Ethnographic Edge has been funded by the LSE-Oxford Commission on State Fragility, Growth, and Development, Mercy College’s Faculty Development Grants, and Pukyong National University’s National Research Foundation Grants. Data analytics and web intelligence services are provided by internet technology company Recorded Future.
Eduardo Zachary Albrecht, the project’s research director, obtained his PhD in Social Anthropology from the School of Oriental and African Studies at the University of London.
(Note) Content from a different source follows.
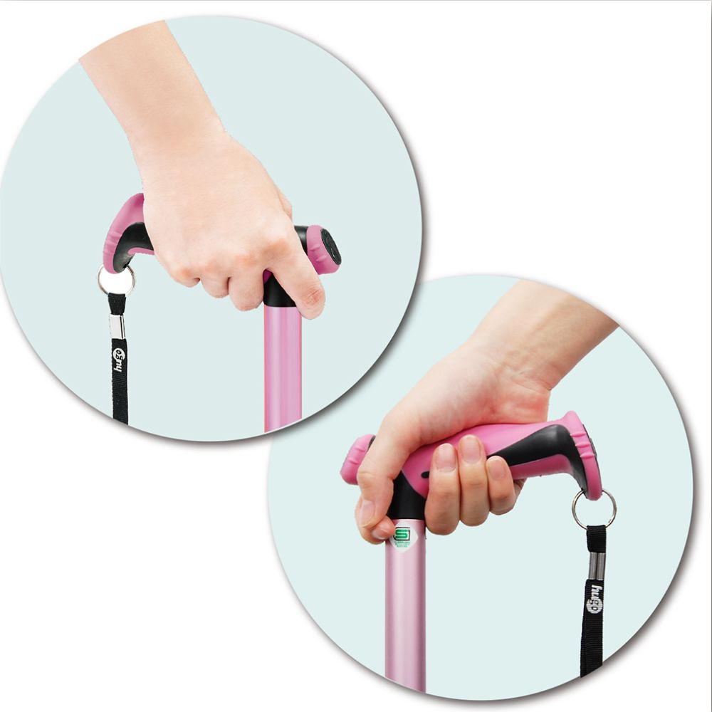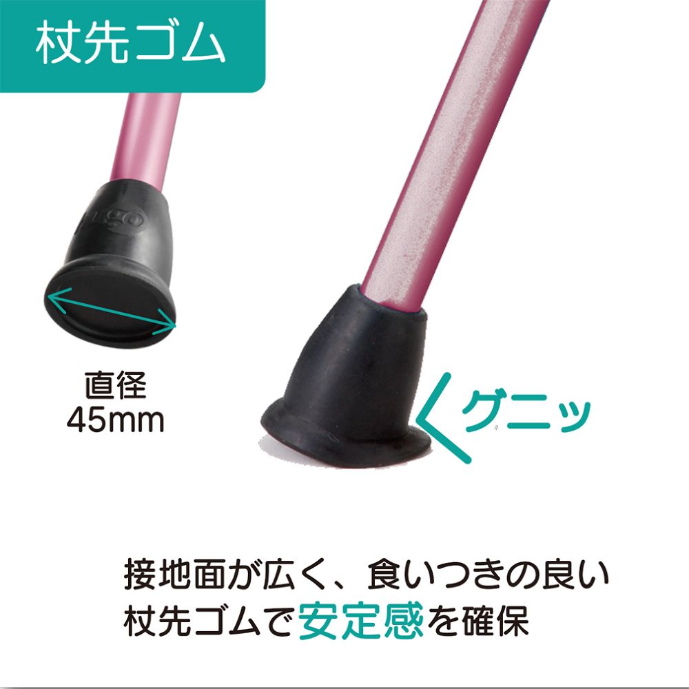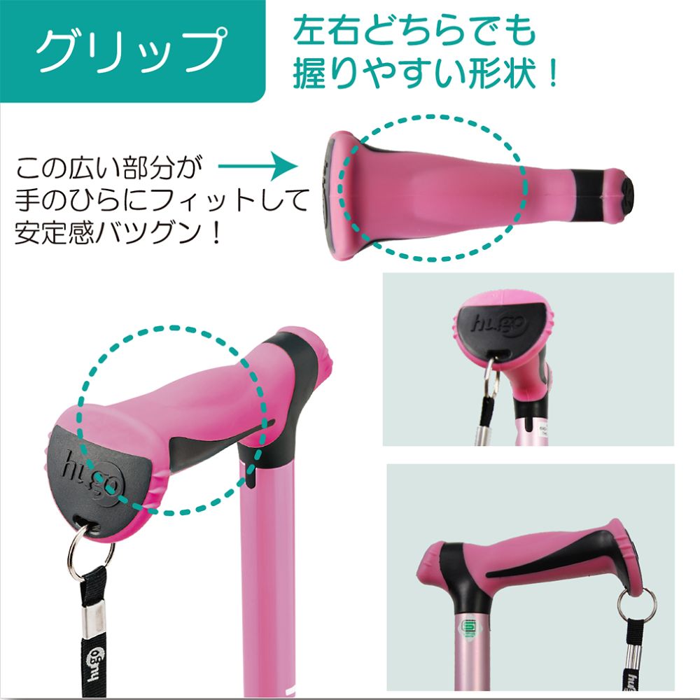 ●左右どちらでも握りやすいグリップ形状です。●クッション付きのグリップが手にかかる衝撃を和らげます。●杖先ゴムが裾広の形状で接地面への食いつきが良く、安定性に優れています。●色:ピンク●材質:シャフト/アルミニウム、グリップ/熱可塑性エラストマー(TPR)・PP(ポリプロピレン)、ストラップ/ナイロン、杖先/天然ゴム●全長:680~960mm(25mm間隔・12段階調整)●シャフト先端部径:Φ19mm●重量:395g●対応身長(目安):130~186cm

He is currently Program Head of the International Relations and Diplomacy Program at Mercy College in New York, and was previously Associate Professor of Anthropology and International Studies at Pukyong National University in South Korea. He has served as Visiting Fellow at the European Institute for Asian Studies in Brussels and the International Peace Institute in New York.
Chris Mahony, the project’s legal and political economy scholar, is Research Fellow at the Centre for International Law Research and Policy. He is also Political Economy Adviser at the Independent Evaluation Group at the World Bank, where he was formerly Criminal Justice and Citizen Security Specialist from 2014 to 2015. He is Consultant Strategic Policy Adviser to the United Nations Development Program since 2015. He holds Bachelor of Commerce (B.Com.) and of Laws (LL.B.) degrees from the University of Otago, and a Master’s in African Studies (M.Sc.) and a D.Phil. in Politics from the University of Oxford. He was admitted to the bar of the High Court of New Zealand in 2006 where he appeared for the Crown in criminal and refugee matters. His research focuses on Violent Conflict, International Law, and Transitional Justice.
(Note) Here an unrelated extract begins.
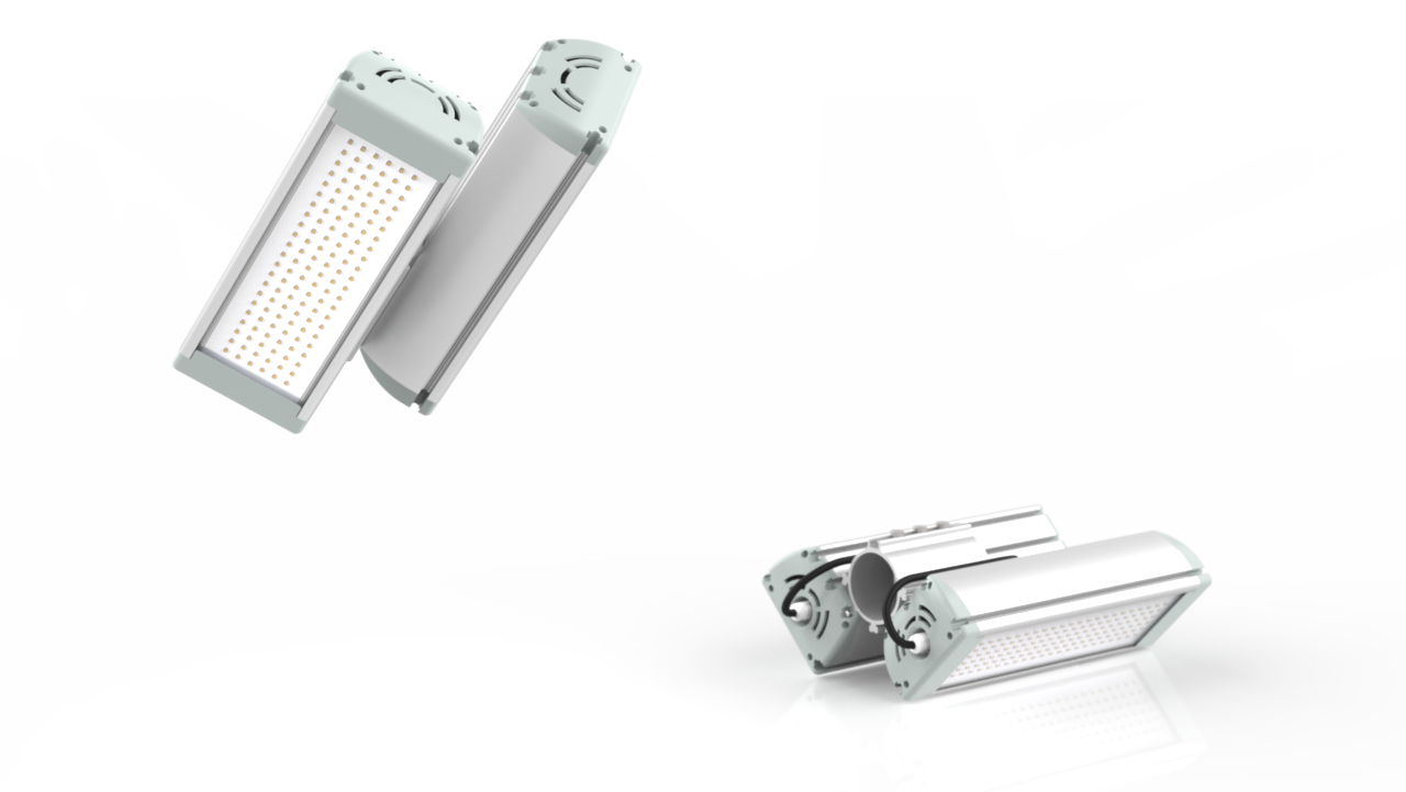 Объединенные светильники серии "Модуль PRO". "Хвосты" питания не объединены в один. Сколько модулей, столько и "хвостов". Модули могут работать независимо друг от друга. Это позволяет включать их различными фазами, а также производить замену Модулей, без демонтажа всего светильника. Опционально заказ объединения "хвостов" в один.

Melih Kandemir, the project’s data scientist, is Research Scientist at the Bosch Center for AI in Stuttgart, Germany, and was previously Assistant Professor at Ozyegin University in Istanbul. Before that he held a postdoc position at the University of Heidelberg and obtained his PhD from Aalto University in Finland. His research activity focuses on Novel Bayesian Inference Techniques for Deep Learning, and their applications to Computer Vision, Time Series Analysis, and Medical Image Analysis problems.